“The effect of power and publicity on all men is the aggravation of self, a sort of tumor that ends by killing the victim’s sympathies; a diseased appetite, like a passion for drink or perverted tastes; one can scarcely use expressions too strong to describe the violence of egotism it stimulates.” — Henry Adams, “The Education of Henry Adams”
Trying to imagine the unimaginable is a useful mental calisthenic. So, suppose Vladimir Putin faced this choice: He could assuage his fury about the Soviet Union’s disintegration by conquering Ukraine. Or he could destroy the cause of that collapse — NATO. Now, imagine that he might not need to choose, because of the American president’s obsession with seizing a possession of Denmark.
Averse to using a scalpel when there is a machete at hand, the president threatens Greenland with military conquest if Denmark will not sell the island. Were Congress to refuse funds for this purchase, he would declare a national emergency and “repurpose” money appropriated for other uses.
Using chest-thumping mob-speak, he says, “If we don’t do it the easy way, we’re going to do it the hard way.” If NATO, history’s most successful collective security instrument, perishes, he might consider that a bonus.
The president probably agrees with the wit who said that the trouble with facts is that there are so many of them. Such as:
The U.S. military already uses Greenland under existing agreements, and more expansive uses are negotiable. After all, Danish blood has been shed in Iraq and Afghanistan in solidarity with U.S. forces. Danes seem to like America, despite the president’s efforts to cure them of this eccentricity.
The U.S. military was involved with Greenland long before, in 1958, the USS Nautilus, the first operational nuclear submarine, cruised beneath the ice cap at the geographic North Pole. In “Polar War: Submarines, Spies, and the Struggle for Power in a Melting Arctic,” journalist Kenneth R. Rosen writes that in 1935, Brig. Gen. Billy Mitchell testified to Congress that “Alaska is the most strategic place on earth.” Now, everyone is interested in the far north. “India,” writes Rosen, “declared itself a near-arctic state in 2021.” And:
“In 1975, C.L. Sulzberger, New York Times Pulitzer Prize-winning foreign correspondent and newspaper heir, wrote that ‘Greenland must be regarded as covered by’ the Monroe Doctrine. The Arctic island nation has remained in the American security perimeter firmly ever since. It is already an American partner in all the ways that matter.”
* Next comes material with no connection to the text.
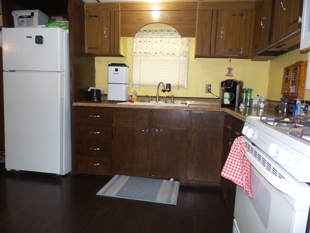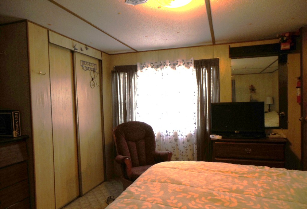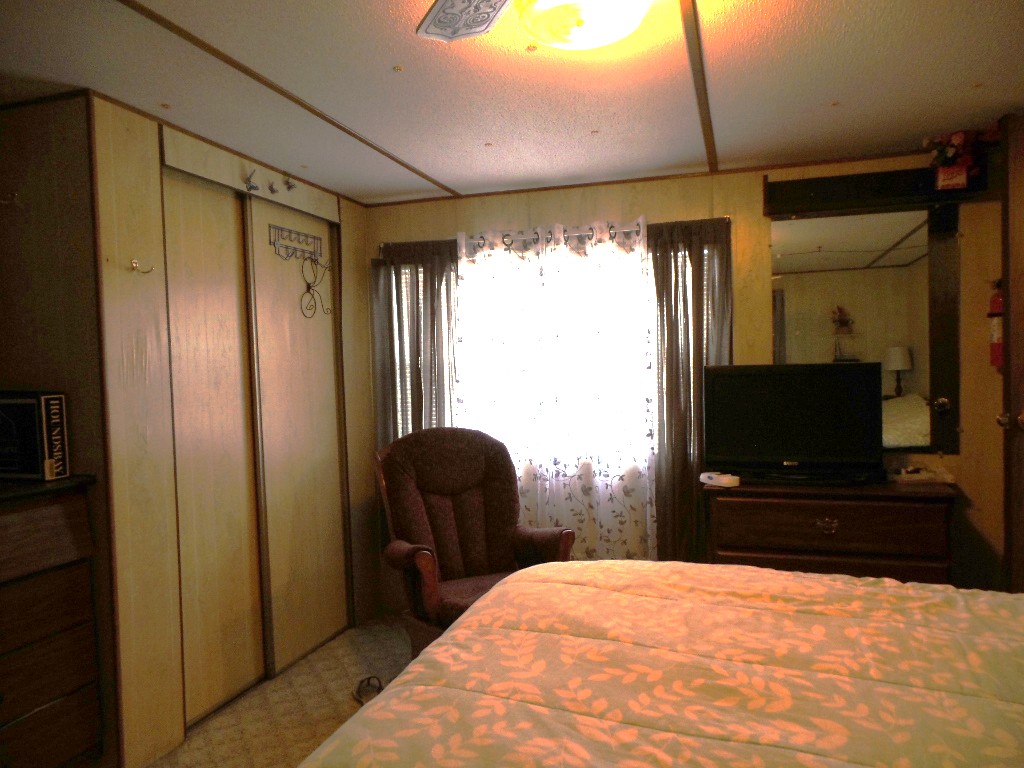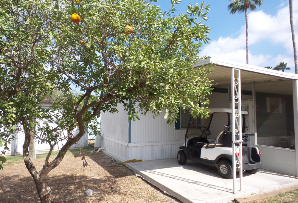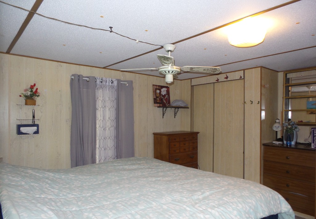 Victor 14x48’ (672 sq ft) Manufactured home with 1 bedroom 1 bathroom, screen porch & XL Shed. Entering the screen porch you note the SE breeze & patio furniture awaiting company, with a privacy sun screen & back exit. The front door access enters the Livingroom with updated flooring stretching thru the open concept room. An area rug is surrounded by the sofa & 2 recliners facing the TV. The dinette overlooks the side yard & the kitchen has been renovated with new countertops & sink, plus updated appliances including a gas range, overhead microwave & fridge. Along the hallway is the W/D near the back door & entrance to the fully renovated bathroom featuring a granite top vanity & walk-in luxury tiled shower, new stool etc. A K bed is in the bedroom at the rear of the home with drawers beneath & dressers & 2 closets. Behind the screen porch is a covered patio area (golf cart rented for season) The XL block shed adds storage. Call Rita for a tour appointment at 712-281-9862.

Norway, Sweden, Finland and other proximate nations would not recognize such a harebrained misapplication of the Monroe Doctrine. Neither would China or Russia, whose Arctic activities reveal intense interest in its natural resources, expanding shipping lanes and potential paths for intercontinental attacks. The U.S. military is training for Arctic missions, and the Defense Department is belatedly investing in icebreakers.
As usual, today’s president, coming late to a long-standing problem, but presuming his original discovery of it, has made himself the issue. His acquisitiveness regarding Greenland has nothing to do with national security, and everything to do, as everything always does, with his fragile ego. He is pouting, and threatening aggression, because he has not received the Nobel Peace Prize.
The Danes can perhaps take comfort from the fact that the president is contemplating military operations against another northern place. As this is being written, the Army is reportedly readying a potential deployment to Minnesota to quell disturbances stemming from ham-handed activities by the ludicrously — and lethally — militarized U.S. Immigration and Customs Enforcement.
During all this, the president has announced he will order that no other football game can be televised during the annual Army-Navy game. Although highlighting this game might stimulate military recruiting, the source of his power to decree such things is dubious. This inconvenience can, however, be magically dispelled by the wave of the presidential wand. Greenland, Minnesota, Army-Navy game: Another day, another emergency — declare that the game serves national security (it probably does this more than possessing Greenland would) and questions of legality become irrelevant.
In Winston Churchill’s biography of his ancestor the Duke of Marlborough, he wrote that the Earl of Sunderland was “one of those dangerous beings” who “have no principle of action; who do not care what is done, so long as they are in the centre of it; to whom bustle, excitement, intrigue, are the breath of life; and whose dance from one delirium to another seems almost necessary to their sanity.” Or is evidence of its absence.